Не зря меня пугал LA. Уже в аэропорту начался кошмар.
Брендон
Я стоял во дворе виллы, не смея двинуться. Слова Алекс набатом звучали в моей голове.
Единственным.
Я был ее единственным мужчиной.
Всегда твоя.
Она была моей. Все это время. Всю свою жизнь. Только моей.
Я вспоминал наше знакомство в Вегасе. Ее смех, румянец, смущение и дерзость, мягкость и страсть, желание и страх. Как я мог не понять, не заметить? Да, мы выпили, мы себя не помнили от алкоголя и желания принадлежать друг другу.

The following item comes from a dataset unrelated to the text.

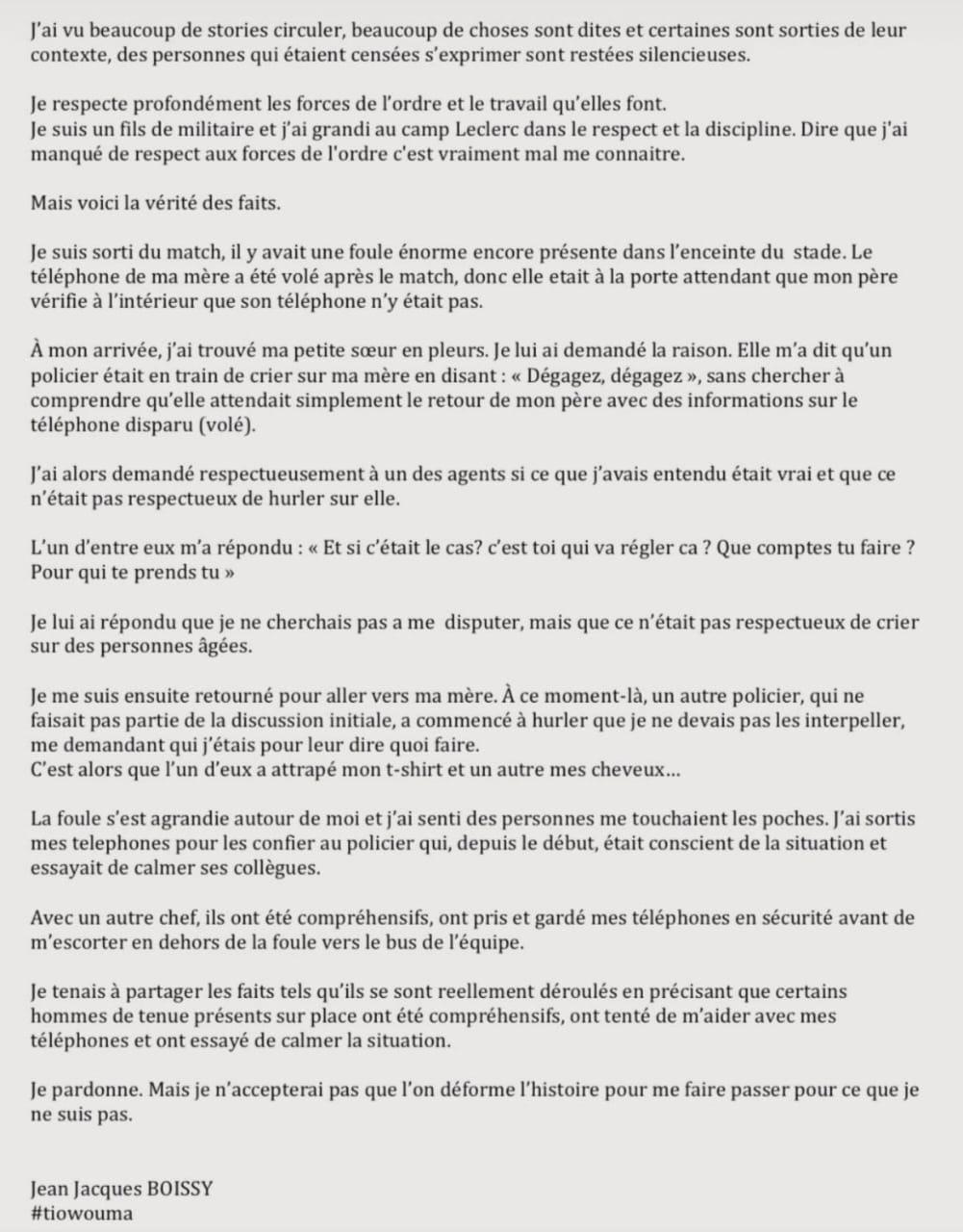 Incident avec des forces de l'ordre : Jean Jacques Boissy sort du silence

Она никогда не спала с Люком. Со своим мужем и моим лучшим другом. Другом, который был геем. Я вспоминал, как мы жили в кампусе, как я таскал в комнату подружек, а Куп тактично уходил проветриться. Он ведь общался с девчонками, флиртовал, заводил знакомства. Правда, ни разу я не видел, чтобы он с кем-то целовался или зажимал в углу на вечеринке. Черт подери! Почему он не сказал мне? Алекс знала. Он доверял Алекс, а не мне. Я никогда не был гомофобом. Я бы принял это. Думаю, достаточно легко. В меня Куп точно не был влюблен. Между нами всегда была только дружба, это я знал точно. Без сомнений.

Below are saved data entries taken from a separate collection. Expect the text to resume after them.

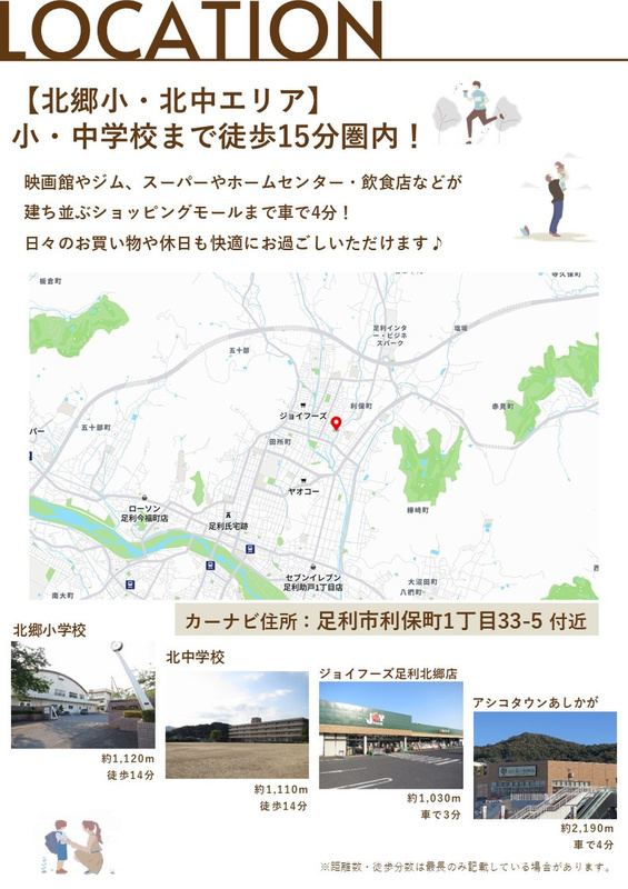 新築一戸建て <足利市利保町7期>買い物施設や小・中学校が徒歩圏内に揃う生活環境の整った立地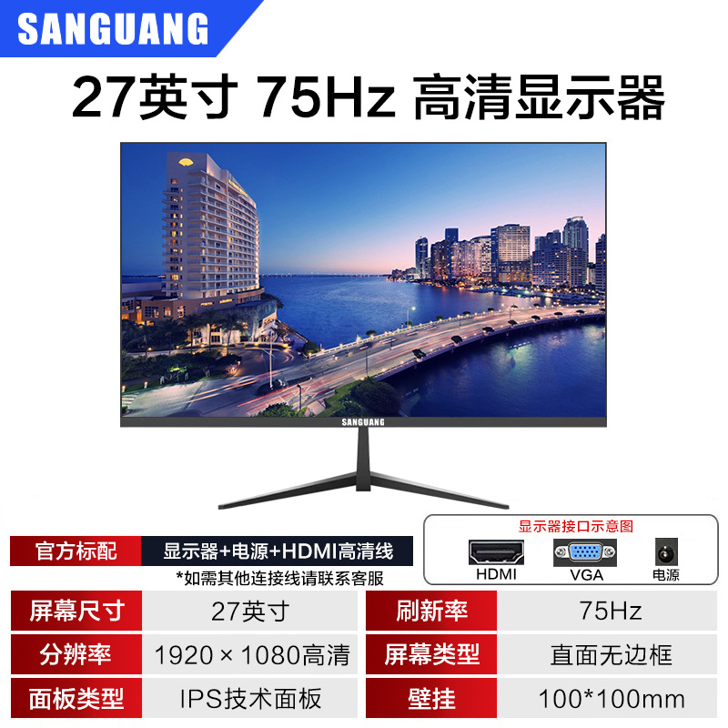 • 27inch 대면 블랙 [Borderless +75Hz] 사무용 대형 화면 - 공식 표준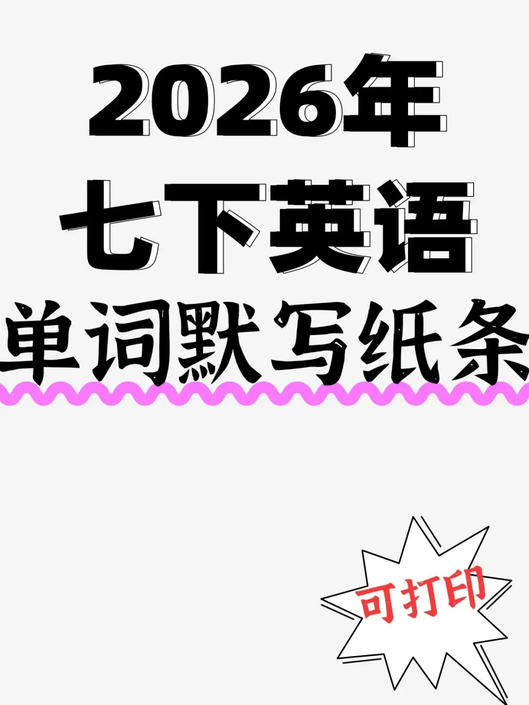 大家好,今天老师整理了:2026版七年级下册英语重点单词默写小纸条,可打印电子版!

Жаль, что не было доверия. Иначе… Все было бы иначе, если бы я знал о Люке. Пусть не о болезни, но об ориентации.
Я схватился за голову, не зная, что же теперь делать. Прыгнуть в машину, которая так и стоит у ворот, и помчаться за ней? Просить прощения, валяться в ногах, умолять простить? Знаю, этого будет ей мало. Как же я обидел ее. Как же был слеп. Мои инстинкты и то оказались умнее. Я все время стремился к ней физически, постоянно пытался защитить, оградить, украсть, заставить признать наши желания. Я хотел ее во всех смыслах, изо всех сил отрицая мудрость этого желания.
И что теперь, Брендон?
Как будешь возвращать женщину, которая отдала тебе всю себя, а ты смешал ее любовь и доверие с грязью.
Я не знаю.
Черт подери, я ничего не знаю, кроме того, что не смогу жить как раньше. Без Алекс. Без ее нежности и страсти. Без ее доверия и заботы. Без наивных больших глаз, в которых столько тепла и любви.
Я должен ее вернуть. Просто обязан.
Снимаясь с ручного тормоза, я развернулся к дому, чтобы быстро собрать вещи и рвануть за Алекс. Она, наверно, уже сама мысленно собирает вещи в квартире Сан-Диего и пишет заявление на увольнение. Я бы делал именно это на ее месте.